Doses of up to 3 grams per day appear to be safe when taken for up to 4 months. The dosage used in studies generally ranges from 1.5 to 5 grams per day.

Maca is easy to incorporate into your diet. You can start with a teaspoon (about 5 grams) to get used to the taste that not everyone likes – it has been characterized as earthy and dry. You can add a little powder to your coffee or tea. You can also add it to smoothies, oats, yogurt, milk, salads and recipes. Maca can be added to almost any dish and you can also make recipes with the main ingredient maca.

Maca and side effects

There are no reports of side effects after consuming maca as a food. However, the locals, in the highlands of Peru, suggest boiling maca before eating it. The traditional method of boiling up to 20 grams of powder to make juice has not been associated with toxicity. The boiling process seems to increase some metabolites but destroys other compounds -e.g. It is known that heating significantly reduces the content of vitamin C.

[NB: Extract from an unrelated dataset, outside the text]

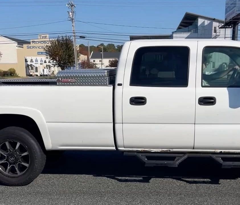 11/15/25 - White Chevy 4x4, 4-door truck that likes to blow black smoke at us protesting along Rt1. “Rolling coal” is illegal and can cause health problems to those who breathe in the particulates.
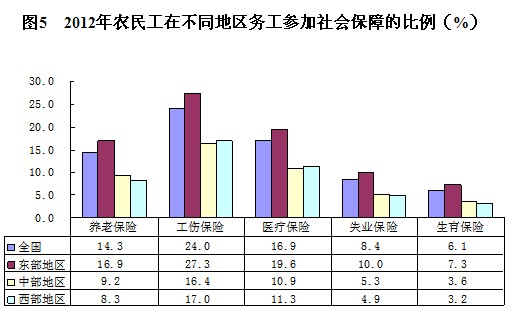 從輸入地看,不同地區(qū)農(nóng)民工社會保障狀況仍存在一定的差距,中西部地區(qū)的農(nóng)民工參保比例比較接近,落后于在東部地區(qū)務(wù)工的農(nóng)民工,2012年中部地區(qū)各項保險參保率的提高幅度略高于東部和西部地區(qū)。

Side effects reported include impaired menstrual cycle, stomach cramps, discomfort and insomnia.

If you have thyroid problems, you need to be careful with maca because it contains substances that can affect the normal functioning of the gland. These compounds are more likely to affect you if you already have impaired thyroid function.

Maca contains a compound called MTCA and has the potential to cause DNA damage. In view of this risk, a French health organization said that consumers should be careful. This has been disputed by researchers who said that MTCA is inactivated during cooking. This substance is also present in other foods e.g. in oranges [12] and in some it is even found in a higher concentration than in maca.

The safety of taking maca supplements during pregnancy and lactation has not been evaluated.